Biden's confused and confusing China policy
Dividing issues with China into a competition bucket and a cooperation bucket won't work.
President Joe Biden has described the United States, indeed the entire world, as being involved in an epic battle between democracy and authoritarianism. Although somewhat overwrought, there are many respects in which this is true.
Despite Russia’s invasion of Ukraine, the authoritarian regime of chief concern is China.
Biden’s description presumes that the character and conduct of China’s regime isn’t subject to change in the foreseeable future. Otherwise, the international geopolitical stakes wouldn’t be so stark and consequential.
There are implications that should flow into U.S. foreign policy from there being a battle between democracy and China-led authoritarianism. But that isn’t fully taking place within the Biden administration. Instead, there seems still to be an emphasis on developing a package of sticks and carrots designed to modify China’s character and conduct. As some Biden officials have put it, to shape the environment in which China operates.
I don’t know whether that is the actual objective or whether it is a circumlocution to avoid flatly declaring that the objective is China’s containment, which is what the epic battle framework would seem to imply and require.
Regardless, the result is a China policy without the feel of having any strategic clarity or direction to it.
A good illustration is a recent speech by Commerce Secretary Gina Raimondo on “U.S. Competitiveness and the China Challenge”.
In it, Raimondo recited the usual complaints about how China manipulates its domestic markets to favor Chinese companies, including through subsidies. She also bragged about how the United States is responding … by doing something very similar.
Specifically, she cited the infrastructure bill, the computer chip subsidy legislation, and the green energy subsidies in the fraudulently named Inflation Reduction Act as providing a cool trillion dollars in taxpayer support for domestic business activity in the United States.
To the extent the epic battle is, in part, a bid for world opinion, responding to China’s industrial policy with an American industrial policy undermines our case against China’s industrial policy. It becomes, if anything, a difference in degree, rather than a difference in kind.
The Trump administration imposed a raft of tariffs on Chinese imports. The Biden administration has largely retained them and gone beyond them with stringent export controls on important high tech components and greater scrutiny of the flow of capital in both directions. But, according to Raimondo, the United States isn’t seeking to decouple from the Chinese economy. Indeed, she said, the Biden administration wants to see an expansion of exports, citing particularly personal care products and agricultural goods.
According to Raimondo, the Biden administration wants “to continue to promote trade and investment in those areas that do not undermine our interests or values.” Good luck defining the goods, services, and capital flows that fall on one side of that line and those that fall on the other.
While engaged in an epic battle between democracy and authoritarianism, the Biden administration wants to cooperate with China on some things, particularly climate change.

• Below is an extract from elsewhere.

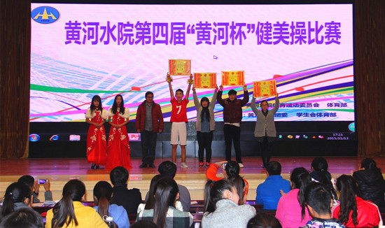 11月13日下午,我校第四届“黄河杯”健美操大赛在学生活动中心如期举行,体育部和校团委相关教师担任裁判。比赛共有来自全校所有院系的12支队伍参加,经过激烈角逐,艺术系、信息工程系、水利工程学院、财经系分获前四名。

According to a recent assessment of China’s military posture by the Pentagon, China “increasingly views the United States as deploying a whole-of-government effort meant to contain (its) rise.” That is not as true as it ought to be. But given that’s the perception in China, creating and maintaining the Biden administration’s division of issues with China into a competition bucket and a cooperation bucket will inevitably fail. China sees, and will continue to see, all of them as being part of the same bucket.
Here are some thoughts about what the policy implications of Biden’s generally accurate epic battle framework ought to be.
First, we should seek to decouple our economy from China to the maximum extent possible. Any division between trade that implicates national security or democratic values and trade that doesn’t will be impossible to make consistently or maintain. There should be universal tariffs on Chinese goods high enough to deflect production to elsewhere. Distinctions on export controls are easier to make and inconsistency not as serious a problem.
Rather than pursuing an industrial policy of our own, the United States should pursue, unilaterally if necessary, free trade in goods, services and capital among democracies with market economies. The Biden administration is constantly touting the importance of allies in our geopolitical strategy. But there are a lot of things in the industrial policy provisions cited by Raimondo that favor domestic production and companies and lock out our allies.
In her speech, Raimondo bragged that, in response to Chinese retaliation against Lithuania for diplomatic relations with Taiwan, the United States opened up our markets to it. If there is an epic battle going on, it shouldn’t require a Chinese retaliation to open up the U.S. market to a fellow democratic capitalist country.
We should be open to bilateral relations and discussions with China. But we should be clear that this isn’t a bargaining chip that China can use. If China wants to cut off dialogue because a speaker of the House visits Taiwan, or some other perceived offense, that’s on them. Our diplomatic door won’t be closed.
To the extent China’s involvement on things such as climate change is important, let other countries take the lead. To China, anything involving the United States is part of the same big bucket of bilateral issues. Other countries will have a better shot at gaining China’s cooperation.
None of this addresses what the United States can or should do to deter Chinese military aggression, particularly against Taiwan. That’s an even stickier, and much more dangerous, issue.
But decoupling the U.S. economy as much as possible from China increases the space to deal with it. At this point, there is nothing about being intertwined with China that is in our interests.